Bug #17364
The build of our production website should be self-healing
0%
Description
In a variety of situations, an ikiwiki refresh triggered by a Git push fails, leaving it in an unclean state, and then the only way to recover is to ssh into the machine and manually start a full rebuild. This is painful because:
- When this happens during a release process, the release can be left half-published, until someone fixes this. That’s not fun for the RM.
- It puts timing/availability/expectations pressure on sysadmins.
- I suspect our technical writers have grown wary of pushing some kinds of changes that typically trigger this sort of problems. Not being able to do one’s job with a reasonable amount of confidence in oneself and in our infra is surely not fun.
Ideally, somehow our infra would notice this situation and run a full rebuild itself.
Subtasks
History
#1 Updated by intrigeri 2019-12-18 11:53:51
- related to Bug #17361: Streamline our release process added
#2 Updated by intrigeri 2020-05-01 16:29:14
FWIW, I’ve played a bit with GitLab pages for a different project and I liked the fact that:
- the build happens in a controlled, mostly reproducible environment, so problems caused by transition between states are less of a problem
- everyone can look at the build output: not only the person who pushed, but also the person who should investigate and debug what happened
- the output of the build is published only if it succeeded ⇒ no partly refreshed, half broken website in production
- developers can fix stuff themselves via the GitLab CI config file, if needed
I don’t think we’ll want to serve our website via GitLab pages any time soon, but the general idea of building the website via a CI job, and then deploying the output upon success, may solve most of the problems this issue is about, especially if there’s a simple way for a developer or tech writer to force a full rebuild of the CI job, as opposed to the (default) incremental refresh that sometimes breaks and currently requires sysadmin intervention.

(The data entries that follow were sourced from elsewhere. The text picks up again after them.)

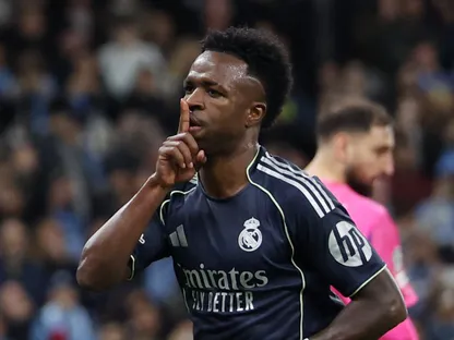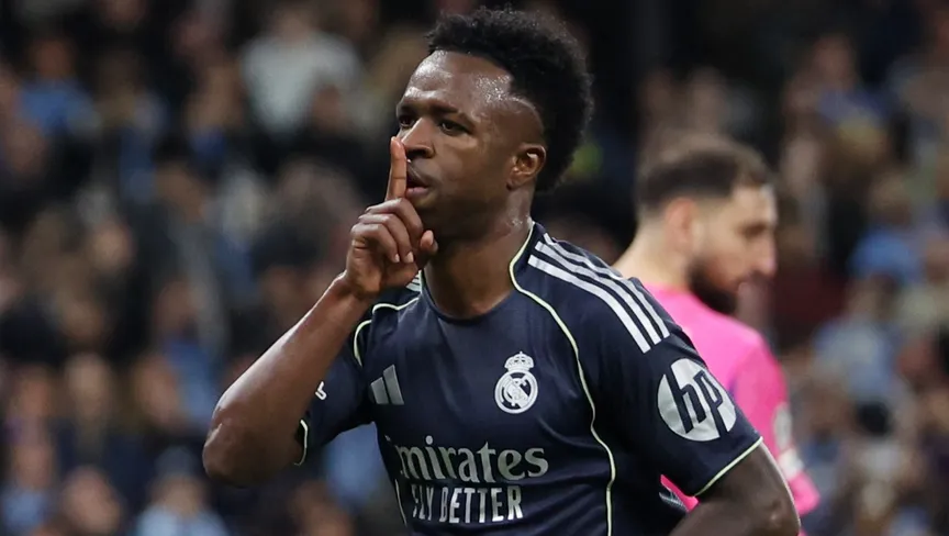 فينيسيوس جونيور يحتفل بعد تسجيله هدفاً لريال مدريد في شباك مانشستر سيتي بدوري أبطال أوروبا - 17 مارس 2026 - REUTERS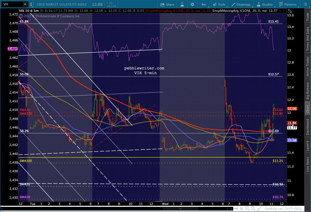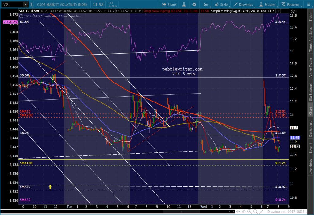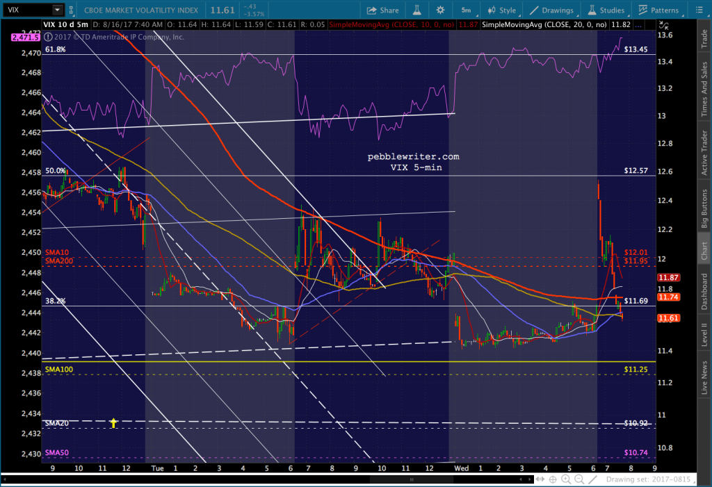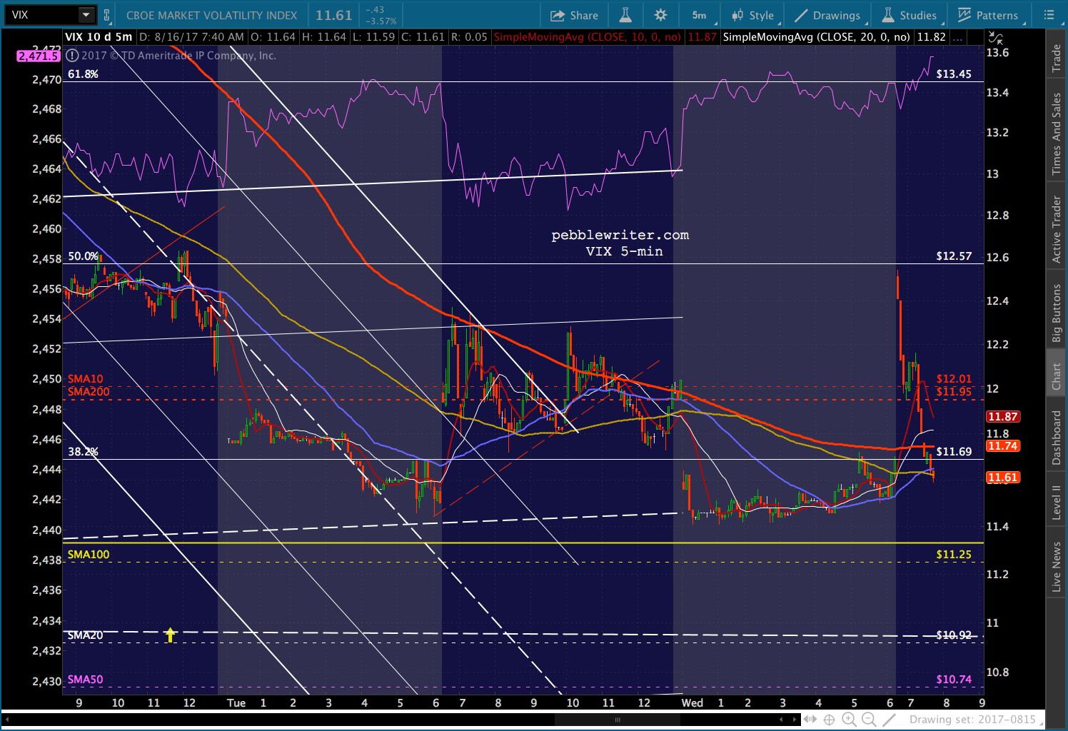 There’s the .618 tag, and VIX is rising slightly while CL falls. I’ll assume this is a slight overshoot and look for a reversal here — at least to the .500 but more likely to the SMA5 200 or .382.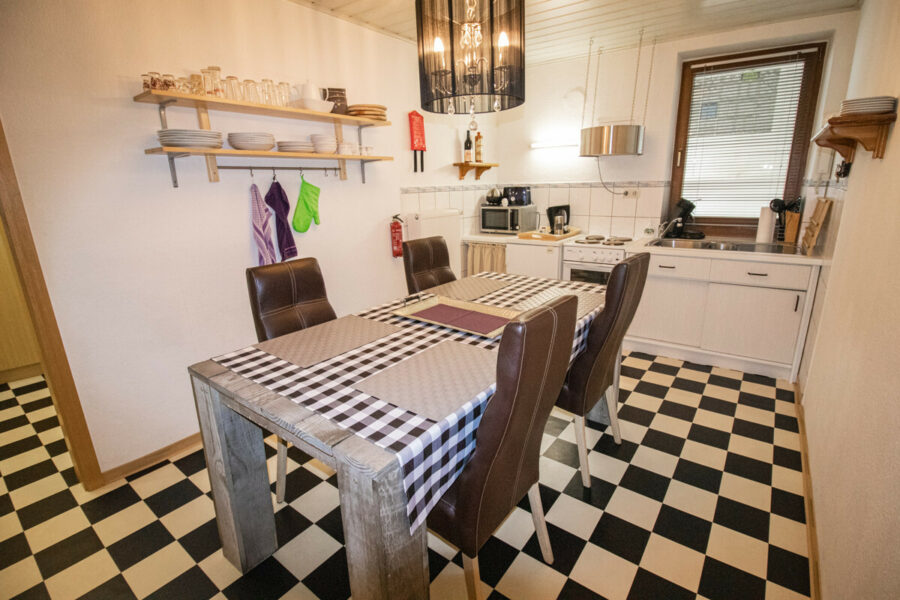 Ferienwohnung 1: Koch-Essbereich, Schlafzimmer mit Duschbad mit WC.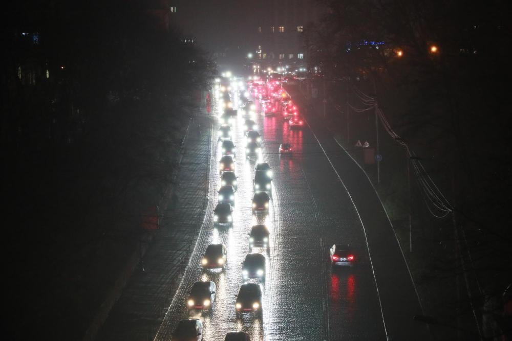 11月20日,乌克兰首都基辅主要街道的照明设施出现大面积停电,车辆在夜色中行驶。新华社记者李东旭摄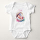Body de bebê personalizado para chá de bebê de menina, compre um para todos na família para fazê-los se sentir especiais. Doce e macio tema de chá de bebê costeiro à beira-mar em tons pastel rosa, coral, azul e dourado. Uma pequena menina dormindo dentro de uma concha e conchas douradas. Lindas flores tropicais em aquarela caprichosas. Cavalo-marinho em aquarela, dólar de areia, flores tropicais e estrela-do-mar.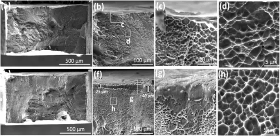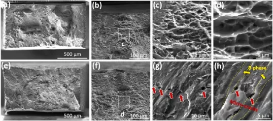 图14.HT PBF-LB Ti6Al4V合金不同放大倍率的宏观和详细断裂形态:(a-d)在H充注之前和(e-h)之后,黄色箭头表示β相,红色箭头表示α/β界面处的微裂纹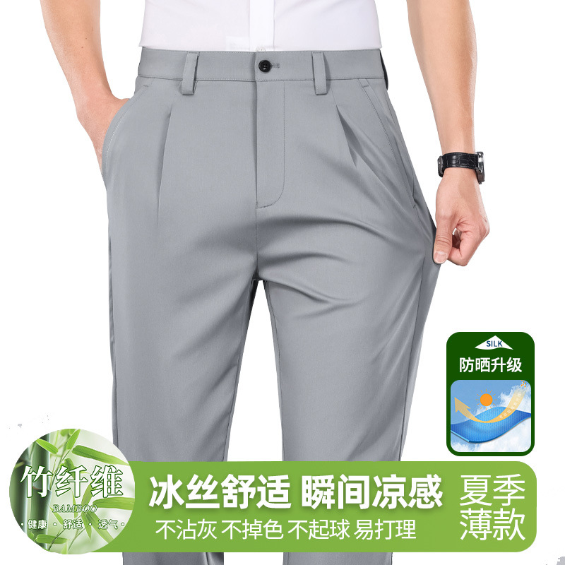 カジュアルなズボンの男性のストレートな筒の夏の軽薄な中で青年のさわやかな弾力の男性のズボンの軽い豪華な竹の繊維のビジネスの垂れ下がっている感じのズボン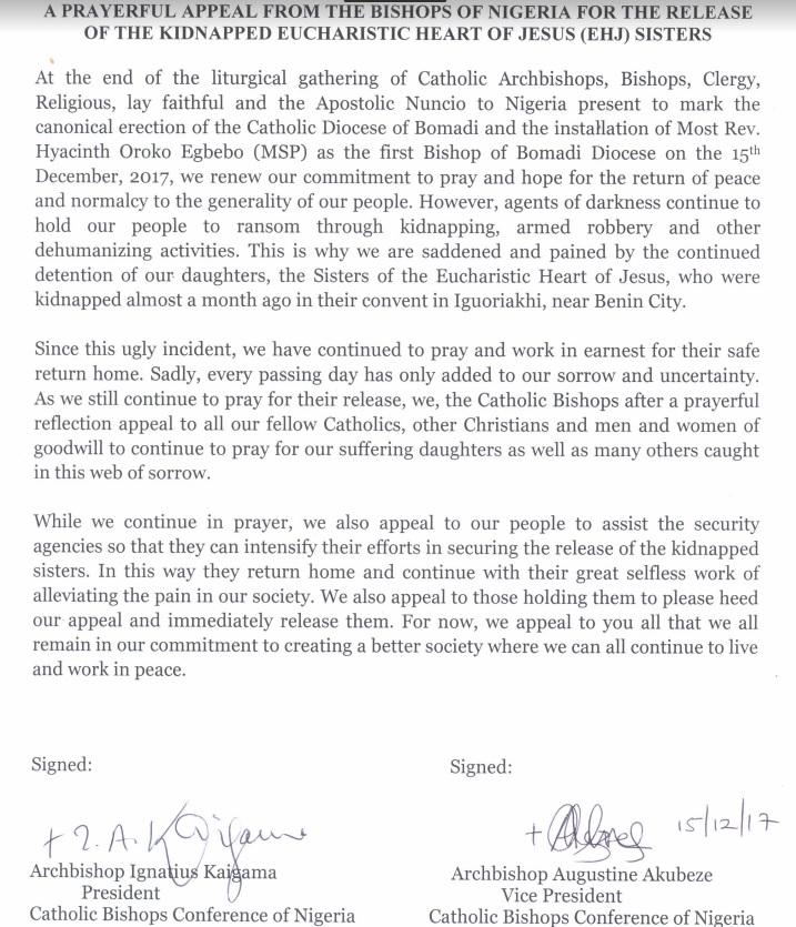 “From the heart, I unite myself to the appeal of the bishops of Nigeria for the liberation of the six Sisters of the Eucharistic Heart of Jesus, kidnapped roughly a month ago from the convent in Iguoriakhi,” the pontiff said, referring to the city in southern Nigeria where the sisters resided.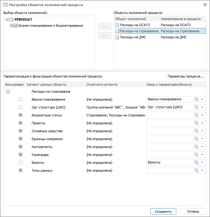 Объект полномочий также связывается с параметрами процесса для ограничения сегмента данных переданными значениями параметров. В данном случае параметрами служат версия планирования, организационная структура и валюта.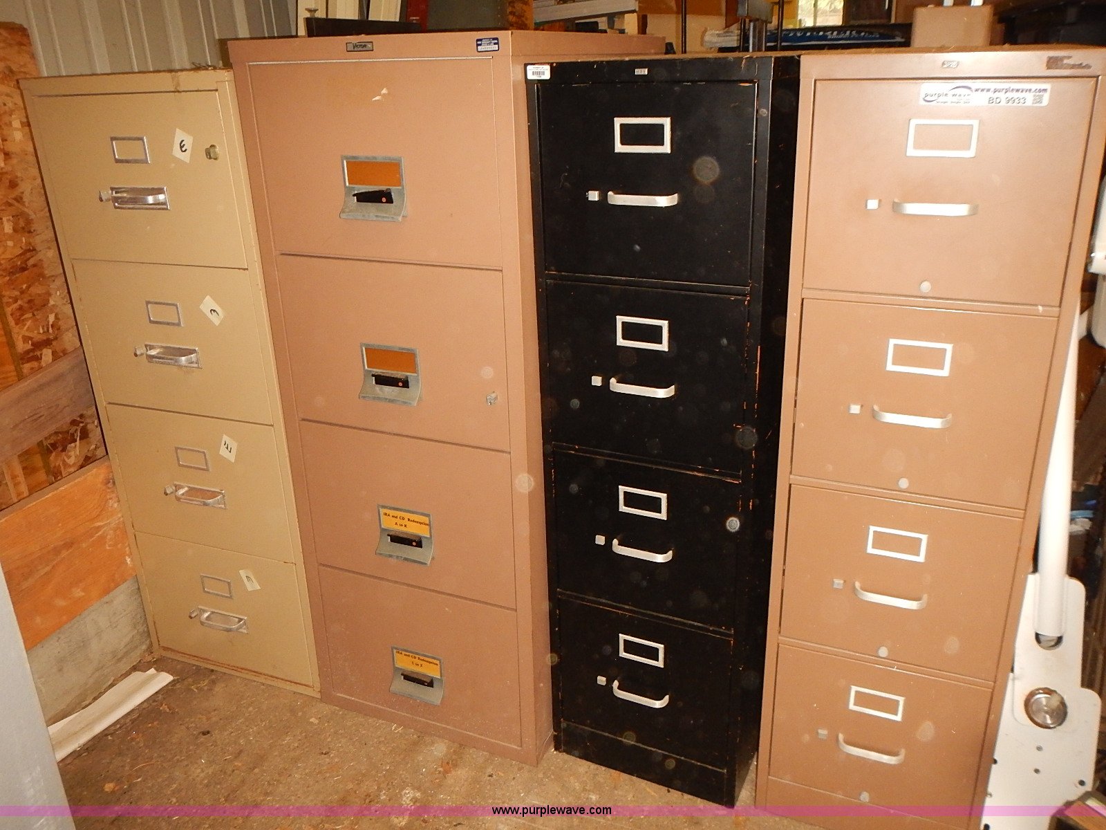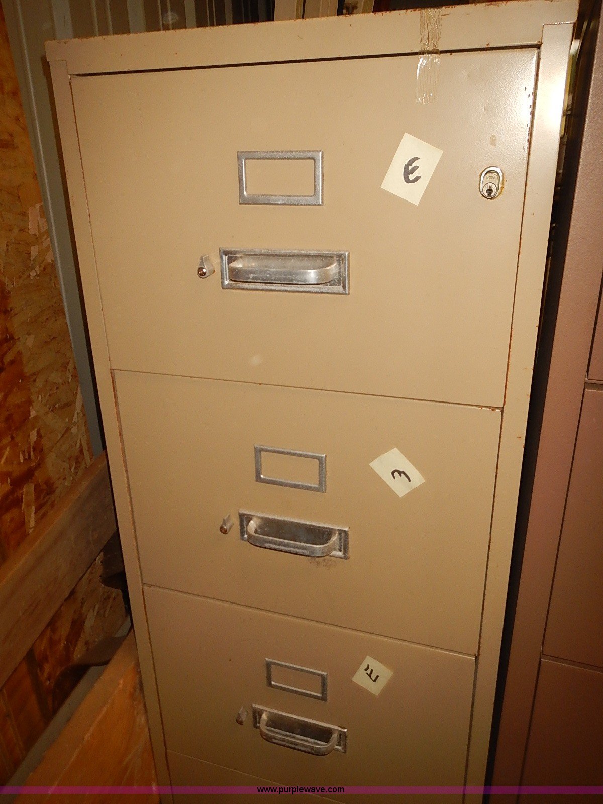 Purple Wave is selling a used Office Supplies and Equip. in Kansas. This item is a (5) metal file cabinets with the following: (3) four drawer, (2) four drawer, Fire proof, Keys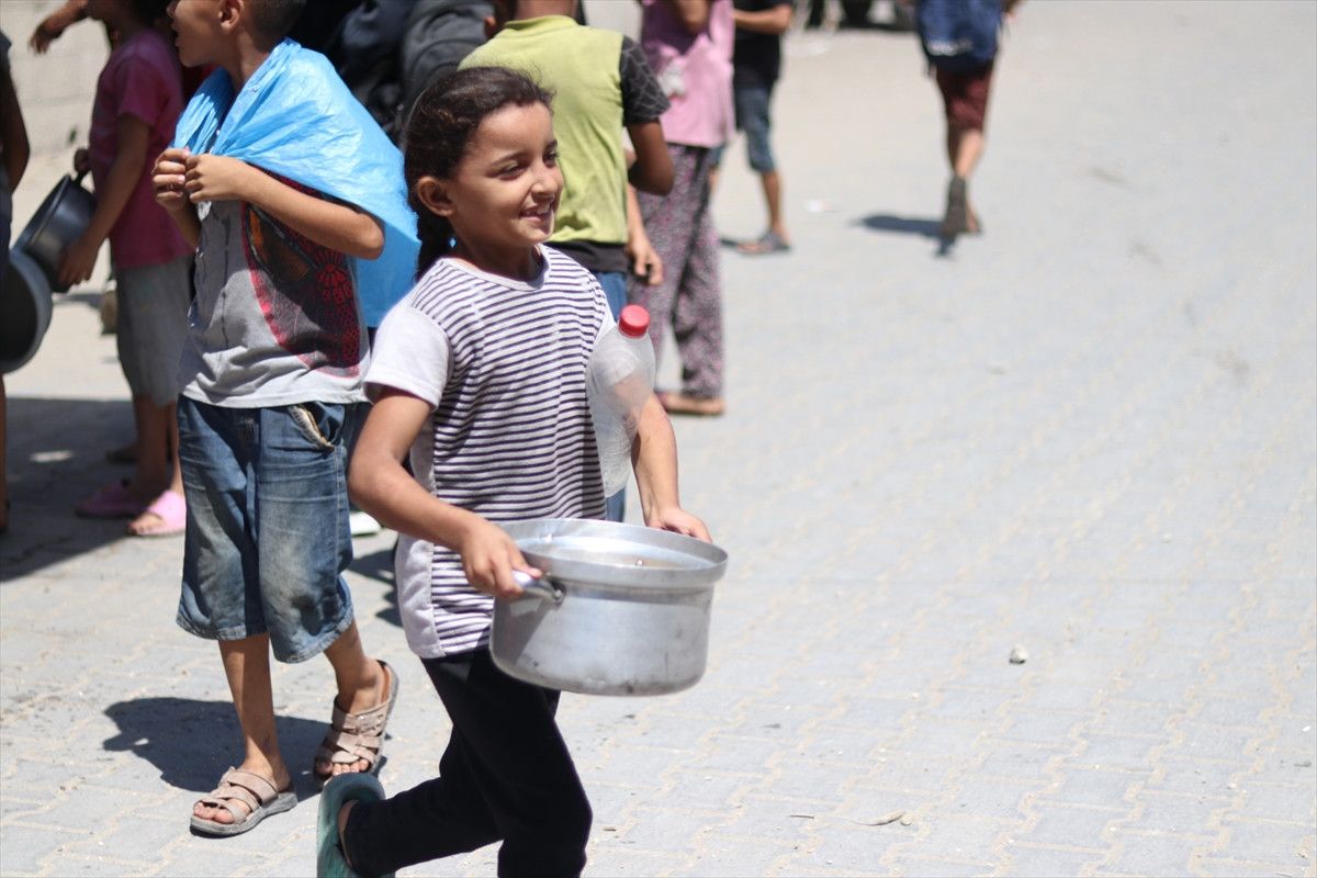 İsrail’in Gazze Şeridi’ne uyguladığı abluka ve devam eden hücumlar nedeniyle besine erişimde zorluk yaşayan Filistinlilere, bir hayır kurumu tarafından yemek dağıtımı yapıldı.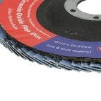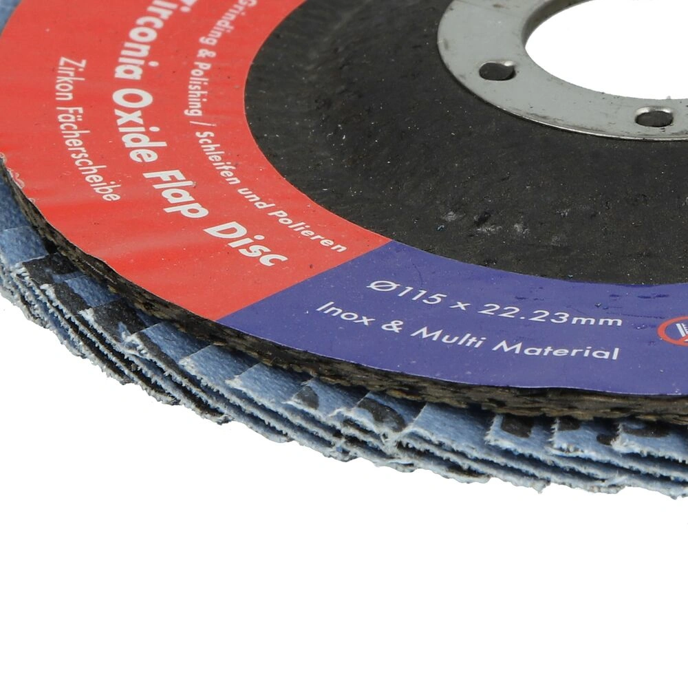 Disco lamellare a ventaglio per la lavorazione di cordoni di saldatura e cordoni d'angolo su alluminio, metalli non ferrosi, acciaio inossidabile, acciaio e titanio. Massimo rendimento di asportazione a lungo termine, grazie alla grana abrasiva al corindone di alta qualità su piatto di supporto lamelle rinforzato in fibra di vetro e alle proprietà autoaffilanti della grana. La disposizione ottimizzata delle lamelle conferisce una maggiore flessibilità durante l'uso e garantisce un'elevata durata.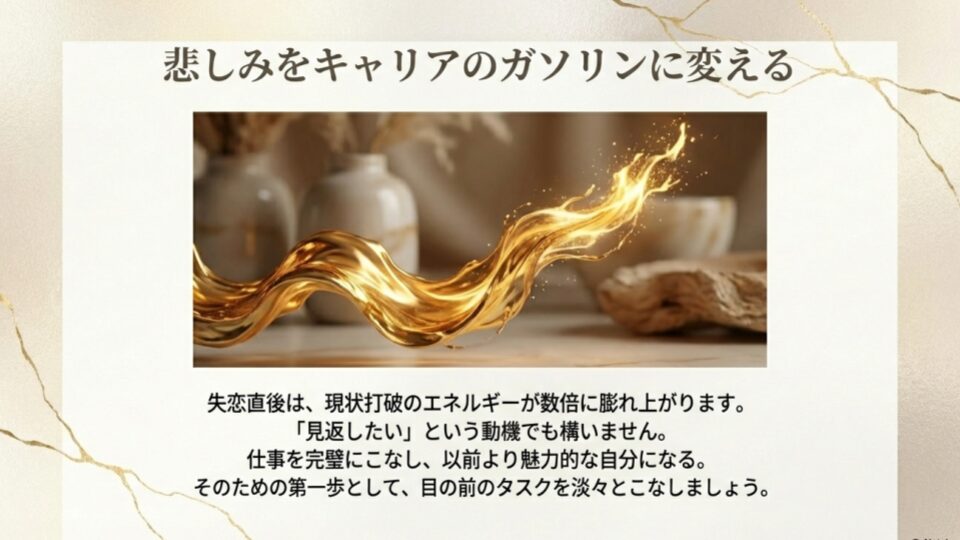 ある研究(被験者数数百名規模の社会調査)によると、失恋直後の人間は、現状を打破しようとするエネルギーが平常時の数倍にまで膨れ上がることが分かっています。この破壊的なエネルギーを、自分を傷つける方向ではなく、仕事の結果に変えていくのです。

#3 Updated by sajolida 2020-05-04 17:57:07
I understand that it will create a delay between a “push” and an update
of the production website of 1 complete build time, right? This might
affect:
- Technical writers and UX designers: I don’t think that we really care
about such a delay in our daily work and a slower but more stable
build would definitely be an improvement for my work.
- Release managers: It might get them back to where they were before the
top bar (Bug #17431).
Or could GitLab pages try a “refresh” first and then a “rebuild” only if
it fails (maybe triggered manually)?
#4 Updated by intrigeri 2020-05-07 09:05:04
> Or could GitLab pages try a “refresh” first and then a “rebuild” only if it fails (maybe triggered manually)?
My preference would be: the CI job refreshes by default, and if needed a developer can force a full rebuild (i.e. invalidate the cache) by passing a parameter or something.